Ad oggi non mi sembra che ci sia una valida risposta alle domande di cui sopra. Come già detto però, quanto esposto fin qui, nel dibattito in corso non vale nulla e dunque passo al discorso successivo, ricordando solo che il giuramento di Ippocrate prescrive di curare il paziente e di non togliergli la vita per nessuna ragione.

Come si arriva al caso odierno. Il tranello radicale

La strategia dei Radicali e delle loro filiazioni come la Luca Coscioni, funziona così. Prendono dei casi limite, li pompano mediaticamente, arrivano al punto di rottura e cercano di mettere il legislatore sotto pressione. Si tratta di un utilizzo profondamente scorretto della sofferenza dei malati. Spesso il tutto è condito da diffusione di statistiche e dati falsi.

Sul suicidio assistito è andata esattamente così. Dopo anni di casi limite (Englaro, Welby…) il radicale Cappato pensa bene di portare Dj Fabo, un ragazzo paralizzato dal collo in giù dopo un incidente, a morire in Svizzera, secondo le leggi di quello stato. Cappato poi si autodenuncia in modo da alimentare il can can mediatico con un processo spettacolo. Giunti in Corte Costituzionale, nel 2019, guardacaso arriva una depenalizzazione de facto del suicidio assistito, che potrà essere quindi praticato senza paura di denunce, negli ospedali italiani.

La sentenza ovviamente lascia buchi enormi, non essendo una legge e dunque inizia la mobilitazione, a sinistra, al grido del “ci vuole una legge”.

Nel 2024 con un’altra sentenza, la Corte Costituzionale ha poi rincarato la dose, stabilendo quattro opinabilissimi criteri in base ai quali si può praticare il suicidio assistito:

-Essere affetto da una patologia irreversibile.

-Sperimentare sofferenze fisiche o psicologiche ritenute intollerabili.

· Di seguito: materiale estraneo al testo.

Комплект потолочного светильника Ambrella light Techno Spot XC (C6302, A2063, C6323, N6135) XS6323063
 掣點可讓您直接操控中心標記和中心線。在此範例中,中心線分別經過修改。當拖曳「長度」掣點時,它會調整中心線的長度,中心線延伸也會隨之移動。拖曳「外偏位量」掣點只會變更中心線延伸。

-Essere dipendente da trattamenti di sostegno vitale.

-Essere capace di prendere decisioni consapevoli.

Criteri che vogliono dire tutto e niente (es: una persona in dialisi potrebbe incontrare tutti i quattro requisiti), che aprono alla deriva di cui parlerò nell’ultimo paragrafo.

Il problema delle regioni

Poiché in Italia le regioni hanno competenza sulla sanità, ma non sulle leggi riguardanti la bioetica, la Luca Coscioni passa allo step successivo. La Consulta ha di fatto detto che si può operare il suicidio assistito e le regioni secondo i militanti radicali devono prevedere un protocollo sanitario.

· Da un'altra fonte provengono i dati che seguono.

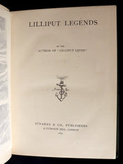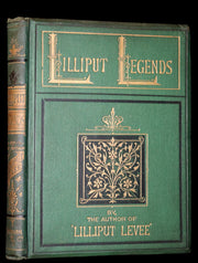 The book: Scarce and attractive first edition of those Tales of childhood - LILLIPUT LEGENDS including: Bella's Exciting Day, Pharronida, The Hallelujah Chorus, Dorothea, The Dum Damsel, Silversail and the Carrier-Pigeon, Prince Hydrangea, Little Foolscap, Captain's Biscuit AND the Travels of Twopenny Trudge and Old Sixtyfoot.
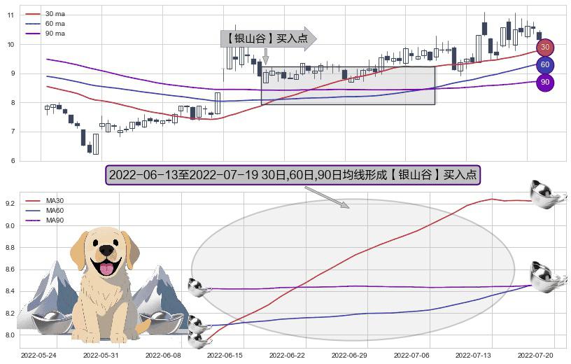 形态多维评估: ⚀ 2022-06-14-日至2022-07-19-日显现 30日-60日-90日均线 【银山谷】买入点 看多信号,后市看涨,买入

La legislazione statale viene quindi scavalcata, non conta più nulla. Non serve più neanche una legge.

Al momento in cui si scrive, l’unica che ha portato avanti questa tesi è la Toscana, ma il tema è stato presentato e discusso in tutte le assemblee regionali. Oltre a rimanere aperta la possibilità che si legiferi a livello nazionale (e qui finalmente tutti dovranno schierarsi).

Tocca però registrare pericolosi cedimenti nelle regioni amministrate dal centrodestra. È evidente che manchino cultura e preparazione, in alcune sotto-aree delle formazioni di governo, sempre pronte a ossequiare il verbo radicale, probabilmente inconsapevoli che la posta in gioco vale molto più di quattro preferenze alle elezioni.

L’unico partito che tiene la barra dritta è Fratelli d’Italia.

Conseguenze note e già sperimentate

Eppure basterebbe dare un’occhiata a quanto accade nei famosi paesi avanzati del nord Europa, dove le legislazioni in materia sono codificate da decenni.

Si avvalgono del suicidio assistito persone in “sofferenze psicologiche insopportabili”, citando la Consulta, ovvero persone di ogni età (anche ventenni) con profonde depressioni, anziani soli, individui che si sino genericamente stufati di vivere. Se ne avvalgono anche persone con “malattie incurabili”, con aspettative di vita comunque lunghe ma terrorizzate dall’idea di una cronicità. E i casi sono ormai migliaia ogni anno. Tutte persone che andrebbero semplicemente seguite con umanità.

Insomma le conseguenze sono state nefaste e saranno nefaste anche in Italia. E accettare che uno Stato (o una Regione) rinunci a offrire alternative ai suoi cittadini, magari per ridurre i costi, non è degno della civiltà di cui siamo figli.